France already fell out with its closest ally, Germany, as a German ban on arms shipments to Saudi Arabia over the murder of Saudi journalist Jamal Kashoggi temporarily blocked jointly executed weapons orders from Riyadh.

While France’s Defense Minister Florence Parly has been denying that Saudi Arabia employs French-made arms in the Yemeni Civil War – deemed the world’s worst humanitarian disaster at present – a recent leak of a French military intelligence document has caused a scandal by indicating otherwise (the relevant stories recently made the top daily EU news rankings of The European Views here and here).

Yet, on Wednesday, Parly confirmed that a fresh-bad of French arms would be loaded on a Saudi cargo ship in the French port of Le Havre.

“As far as the French government is aware, we have no proof that the victims in Yemen are the result of the use of French weapons,” the French Defense Minister told BFM TV, as cited by France24.

While declining to reveal the precise types of French weapons in the new shipment to Saudi Arabia, Parly argued that Riyadh had been using French arms solely for defensive purposes since it got militarily involved in the Yemeni Civil War back in 2015.

According to French investigative journalism site Disclose, which leaked the French military intelligence file indicating that French tanks and artillery were being used by the Saudi forces in Yemen, the new arms shipment includes eight truck-mounted Caesar howitzers.

A government source cited by AFP earlier this week, however, denied that the howitzers were part of the shipment.

Domestic as well as international criticism has been piling up on the French government accusing it of becoming implicit in alleged Saudi war crimes in Yemen, where the civil war has claimed about 10,000 lives, and has caused a famine affecting millions of others.

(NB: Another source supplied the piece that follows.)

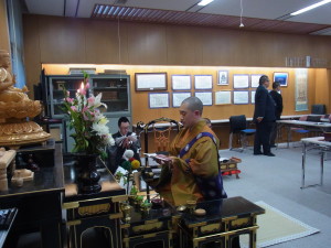 もう夏休みになってしまいましたが、平成二十八年六月一日に、天台勤行室において台友会(大正大学で天台宗の学生を中心とする集まり)主催による山家会法要が執り行われました。山家会とは、天台宗を開かれた伝教大師最澄様の命日(六月四日)にちなんだ法要です。伝教大師の威徳を讃え、その御恩に感謝するのが、この山家会です。

According to the UN, over 24 million people in Yemen have been affected by the civil war in which Saudi Arabia and Iran are massively involved with their respective allies, and over 3 million people have been displaced.

“The Saudi regime is one of the most brutal dictatorships in the world, and has inflicted a terrible humanitarian crisis on Yemen,” said Andrew Smith of the Campaign Against Arms Trade NGO.

“The destruction would not have been possible without the complicity and support of arms-dealing governments,” he added.

France’s legislature saw further turmoil on the issue after on Tuesday, Genevieve Darrieussecq, secretary of state for the armed forces, said there was “no proof these weapons are being used against civilian populations”.

The statement caused all left-wing lawmakers to walk out of the sitting as a means of protest.

Both Saudi Arabia and its ally, the United Arab Emirates, are major arms procurement clients of France, the third largest arms exporter in the world after the USA and Russia.

“France has strategic interests in this part of the world,” French Defense Minister Parly said on Wednesday, arguing the fresh arms shipments were part of France’s “long-term partnerships with Saudi Arabia and the United Arab Emirates.”